The amount of code about memory allocation is large, so I will not list them one by one here.
8. Memory recovery
All allocated memory blocks need to be reclaimed. There are two most representative cases. One is the process of releasing a piece of memory by the user, and the other is the cleaning and recycling of unreleased memory blocks when the user shuts down the device.
When the user releases a memory block, the close function of the corresponding vma will be automatically executed. To this end, we register this function as a memory release processing function: in the implementation of the function, first detect private data to avoid error handling, and then restore the bit information in the corresponding bitmap bit array, clean up the owner and block number information, so that the reserved memory can be used again. back to the pending state.
When the user turns off the device, the release function registered by the device is called. Therefore, in the release function of the device, we traverse the owner array to clean up the memory block whose owner is the same as the file pointer of the device, so as to achieve the purpose of batch recycling.
9. Address translation of memory
The address translation of the memory is to complete the bidirectional translation of the bus physical address and the virtual logical address, and provide support for the flush/invalidate of the memory cache and the processing to be performed when it is handed over to the FPGA. The system also exposes these two transformation operations to the user layer through two IOCTLs.
In the address translation operation, first find the corresponding vma, then calculate the offset, and finally check whether the identifier corresponding to the vma is a reserved memory block – if so, use the information in the private_data saved by our vma and the offset to complete the relevant calculation.
10. The flush and invalidate operations of the memory cache
When using DDR memory to transfer data between the CPU and its heterogeneous sibling FPGA, flush or invalidate needs to be used to eliminate the impact of the corresponding cache.
First of all, our driver code runs on the CPU. Before the processing of a piece of memory is transferred from the CPU to the FPGA, we need to perform a flush operation on the cache of this piece of memory, so that all changes in the memory cache are written to the DDR. Then the FPGA starts working on it.

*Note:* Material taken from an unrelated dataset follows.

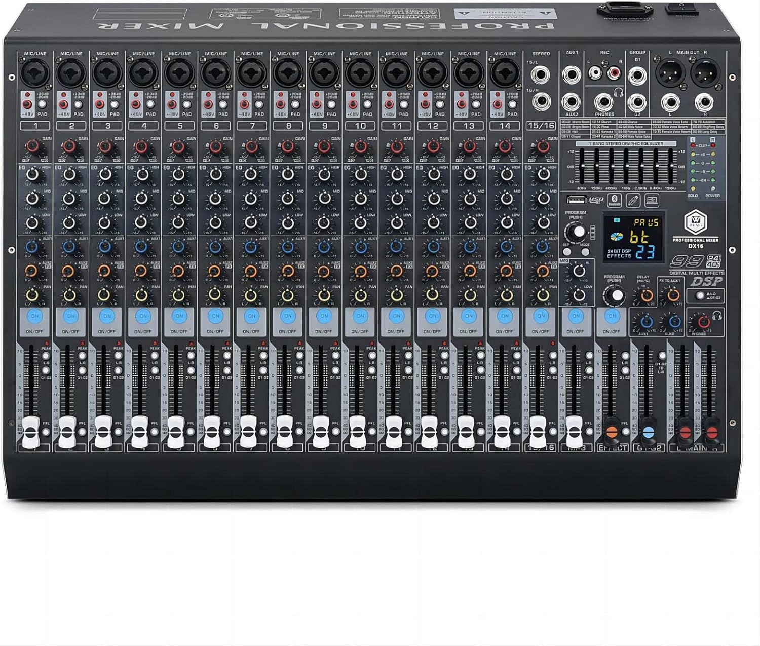 W IN-MIX DX16 Professional DJ Audio Mixer 16 Channel with 99 DSP Effects,7-band EQ,Independent 48V Phantom Power&Mute Button,Bluetooth Function,USB Interface Recording For Studio & Stage

Secondly, before the processing of a piece of memory is transferred from the FPGA to the CPU, the invalidate operation needs to be performed on the cache of this piece of memory to make the cache content invalid. The next time the CPU reads directly, it will actively load from the DDR to refresh the cache. In this way, the CPU can get along well with the FPGA.

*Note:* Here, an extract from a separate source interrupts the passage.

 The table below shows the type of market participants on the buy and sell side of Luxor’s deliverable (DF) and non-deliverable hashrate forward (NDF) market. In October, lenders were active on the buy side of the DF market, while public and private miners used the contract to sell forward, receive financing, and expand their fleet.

For flush and invalidate operations, it is related to the CPU system. EdgeBoard uses A53v8 (corresponding to the AArch64 execution set), and the code for cache flush and invalidate is as follows:
11. Other functional design and consideration in memory driver
The size of each reserved memory block in the reserved memory area mentioned above is 16K. In fact, multiple specifications can be enabled here, so that users will be more convenient to use and have more uses. But the memory management part requires more data to manage.
In addition, we can make some fast and concise solutions for memory sharing between different processes by establishing some IOCTLs, which is also what we can consider in the design of memory drivers.